PROVIDED DATA:
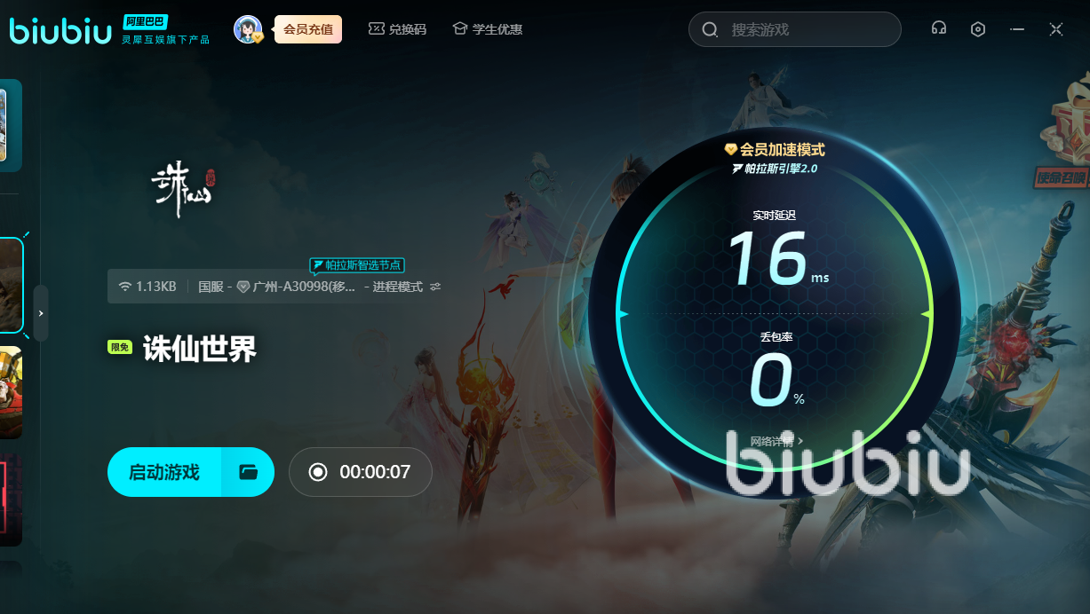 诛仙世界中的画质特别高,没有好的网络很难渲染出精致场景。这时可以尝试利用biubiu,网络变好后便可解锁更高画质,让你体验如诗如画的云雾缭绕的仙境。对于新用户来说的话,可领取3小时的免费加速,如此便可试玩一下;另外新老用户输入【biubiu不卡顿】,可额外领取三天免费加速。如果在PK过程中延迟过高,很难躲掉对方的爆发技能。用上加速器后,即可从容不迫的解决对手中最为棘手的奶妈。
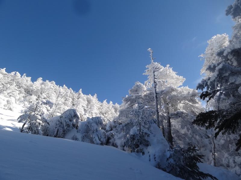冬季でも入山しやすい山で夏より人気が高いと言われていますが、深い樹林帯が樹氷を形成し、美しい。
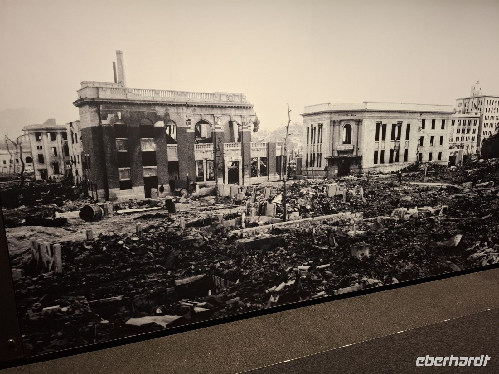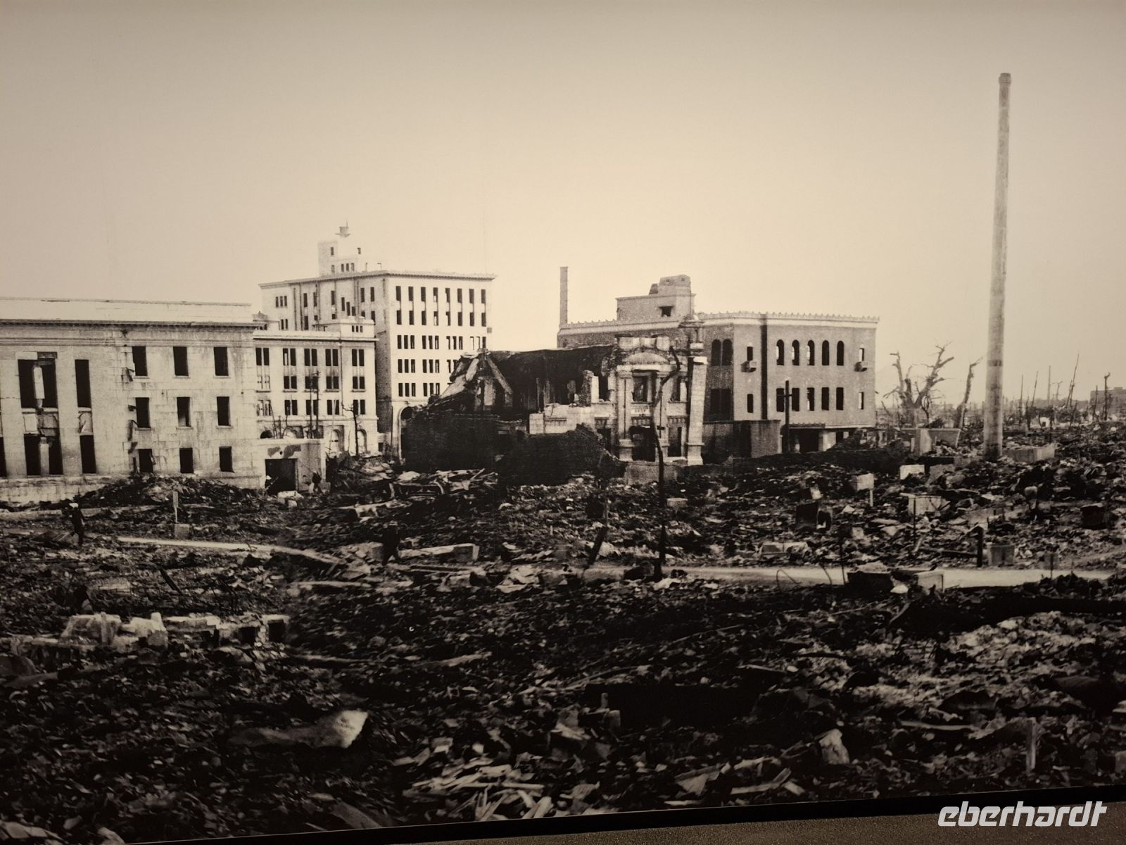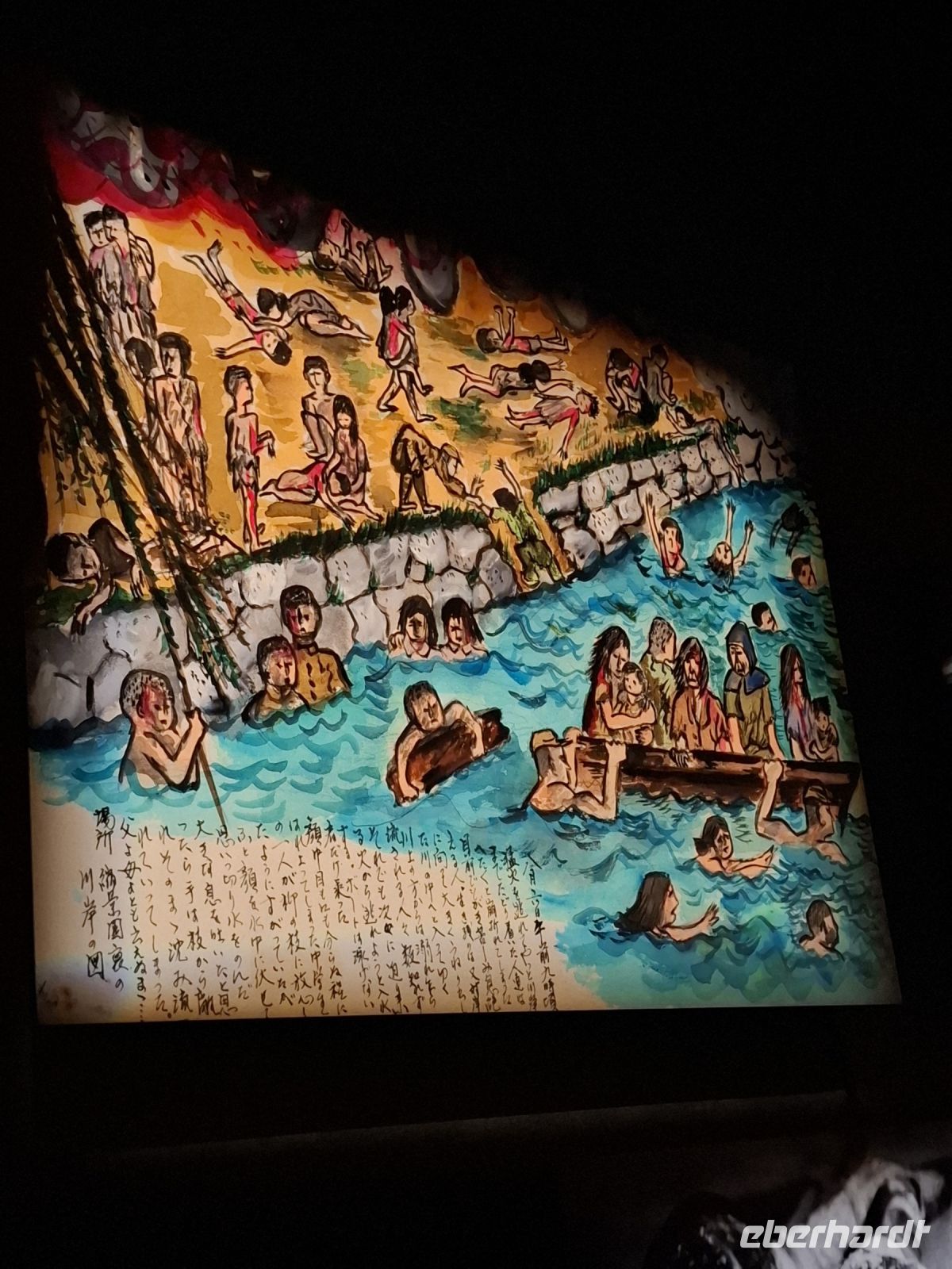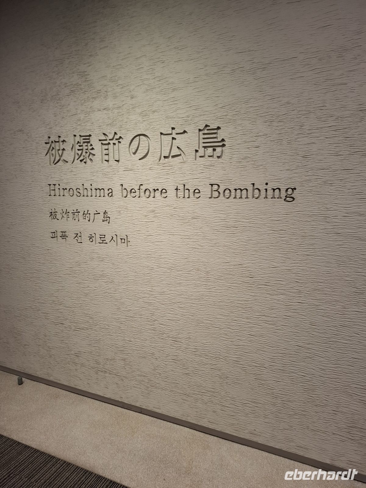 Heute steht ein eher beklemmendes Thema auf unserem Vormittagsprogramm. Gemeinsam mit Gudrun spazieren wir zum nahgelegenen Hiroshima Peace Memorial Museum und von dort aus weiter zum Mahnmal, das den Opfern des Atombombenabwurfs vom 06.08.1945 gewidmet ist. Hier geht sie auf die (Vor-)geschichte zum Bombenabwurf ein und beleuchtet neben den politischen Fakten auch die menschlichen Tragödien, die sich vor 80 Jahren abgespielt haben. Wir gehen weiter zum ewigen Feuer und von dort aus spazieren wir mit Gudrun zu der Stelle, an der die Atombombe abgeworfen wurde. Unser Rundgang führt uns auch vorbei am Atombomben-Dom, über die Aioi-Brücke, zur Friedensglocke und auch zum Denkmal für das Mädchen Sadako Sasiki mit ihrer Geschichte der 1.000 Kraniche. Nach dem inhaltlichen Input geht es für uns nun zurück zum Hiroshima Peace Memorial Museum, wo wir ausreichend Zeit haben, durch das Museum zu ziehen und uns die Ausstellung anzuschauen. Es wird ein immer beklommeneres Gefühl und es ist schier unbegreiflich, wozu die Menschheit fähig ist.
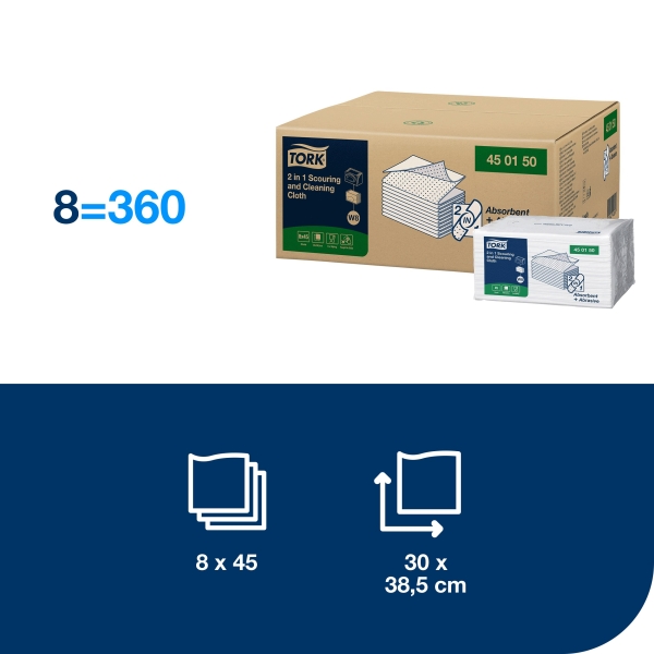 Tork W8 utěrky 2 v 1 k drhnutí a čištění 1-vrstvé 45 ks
...
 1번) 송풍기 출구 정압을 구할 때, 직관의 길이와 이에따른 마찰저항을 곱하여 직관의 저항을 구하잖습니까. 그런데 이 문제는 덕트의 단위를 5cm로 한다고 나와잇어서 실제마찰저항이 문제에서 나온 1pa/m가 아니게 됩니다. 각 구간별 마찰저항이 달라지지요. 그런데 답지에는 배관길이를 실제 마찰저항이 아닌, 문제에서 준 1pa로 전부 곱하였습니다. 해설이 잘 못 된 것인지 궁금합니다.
==
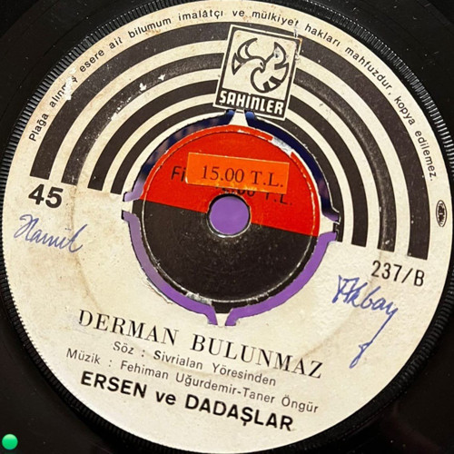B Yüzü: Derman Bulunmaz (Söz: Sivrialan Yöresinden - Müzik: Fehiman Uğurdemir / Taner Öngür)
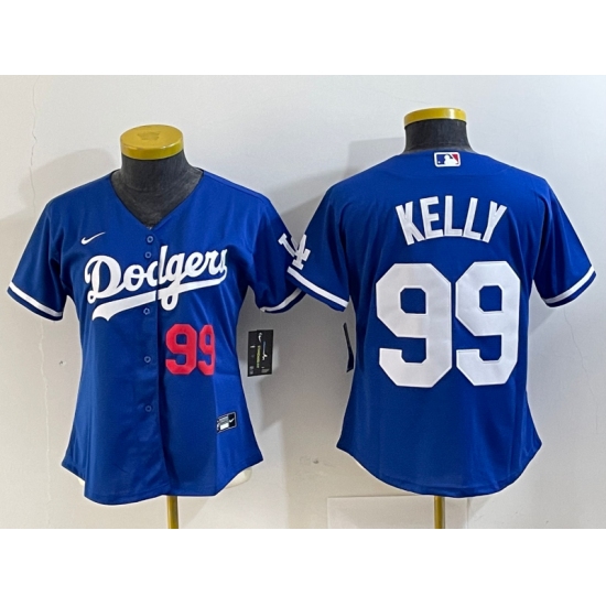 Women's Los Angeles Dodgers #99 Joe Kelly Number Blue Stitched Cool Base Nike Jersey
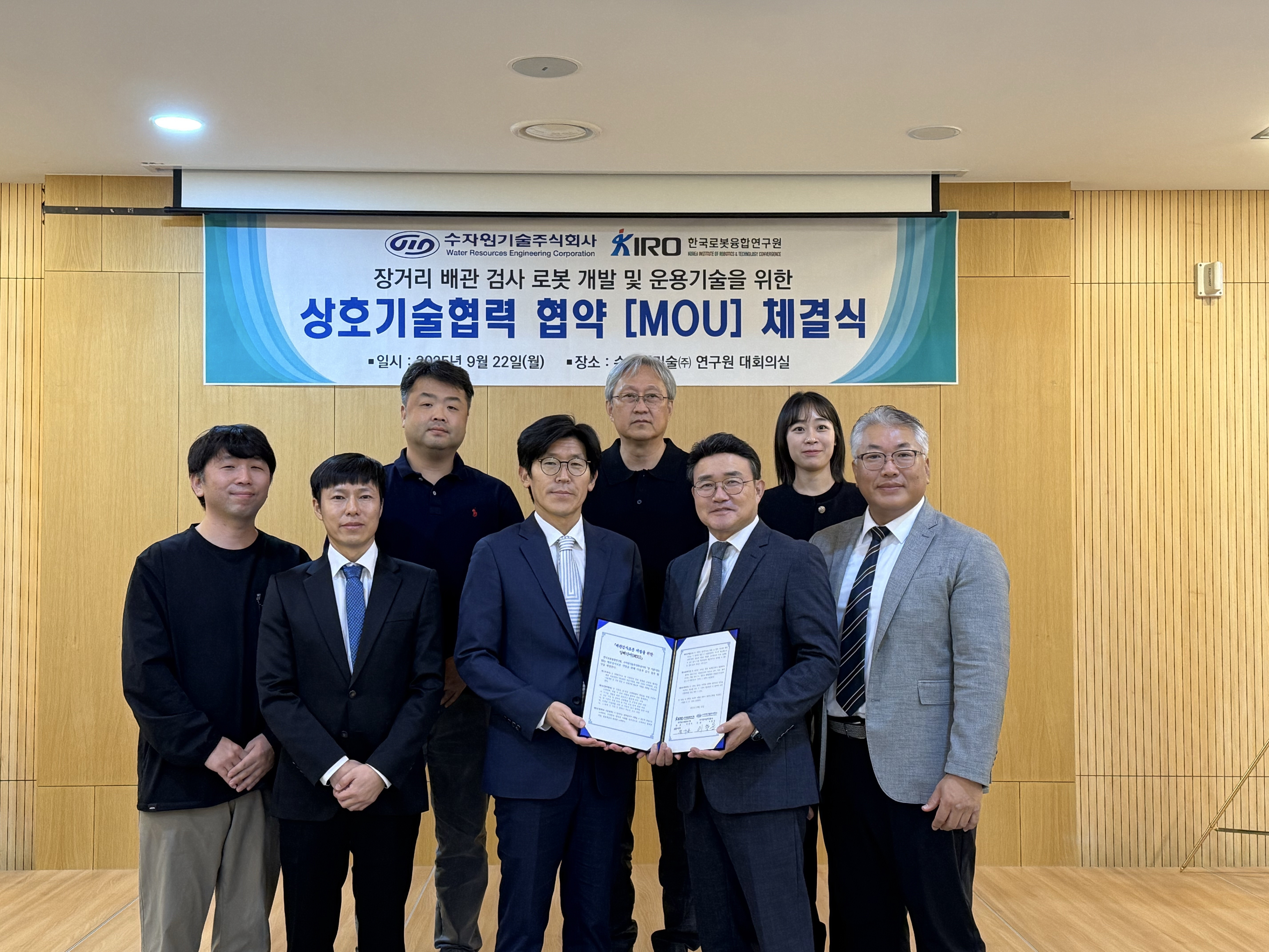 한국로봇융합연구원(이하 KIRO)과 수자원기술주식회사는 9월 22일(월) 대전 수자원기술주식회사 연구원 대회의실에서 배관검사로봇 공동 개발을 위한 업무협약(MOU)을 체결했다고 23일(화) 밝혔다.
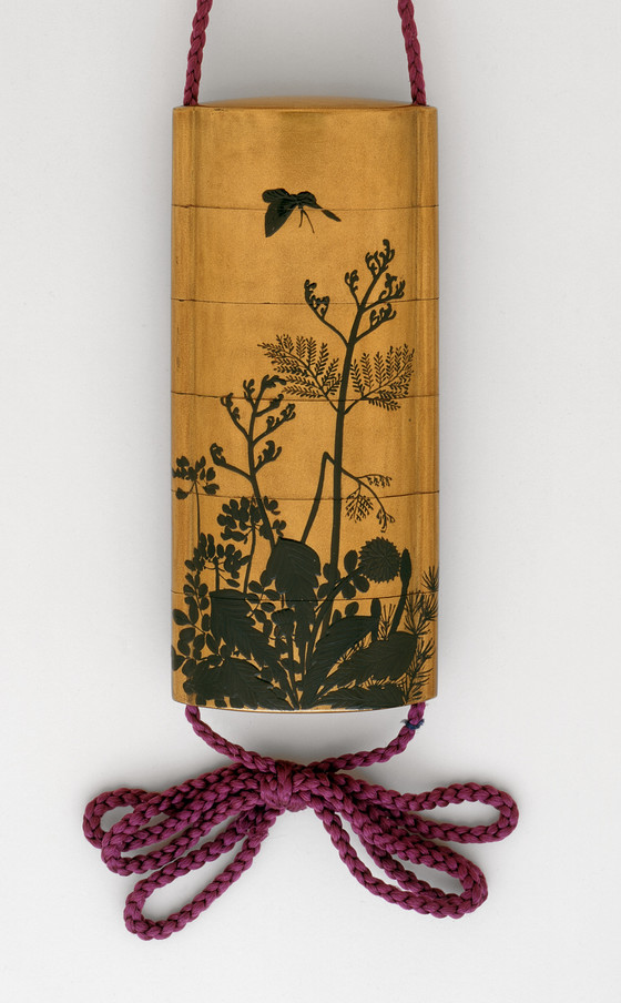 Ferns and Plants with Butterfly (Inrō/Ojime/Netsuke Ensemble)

THE TASK:
Repeat exactly the lines above, beginning at the one containing "B Yüzü: Derman" and ending at the one containing "Ferns and Plants". Do not carry over any pictures.

RESPONSE TO THIS EXERCISE:
B Yüzü: Derman Bulunmaz (Söz: Sivrialan Yöresinden - Müzik: Fehiman Uğurdemir / Taner Öngür)
 Women's Los Angeles Dodgers #99 Joe Kelly Number Blue Stitched Cool Base Nike Jersey
 한국로봇융합연구원(이하 KIRO)과 수자원기술주식회사는 9월 22일(월) 대전 수자원기술주식회사 연구원 대회의실에서 배관검사로봇 공동 개발을 위한 업무협약(MOU)을 체결했다고 23일(화) 밝혔다.
 Ferns and Plants with Butterfly (Inrō/Ojime/Netsuke Ensemble)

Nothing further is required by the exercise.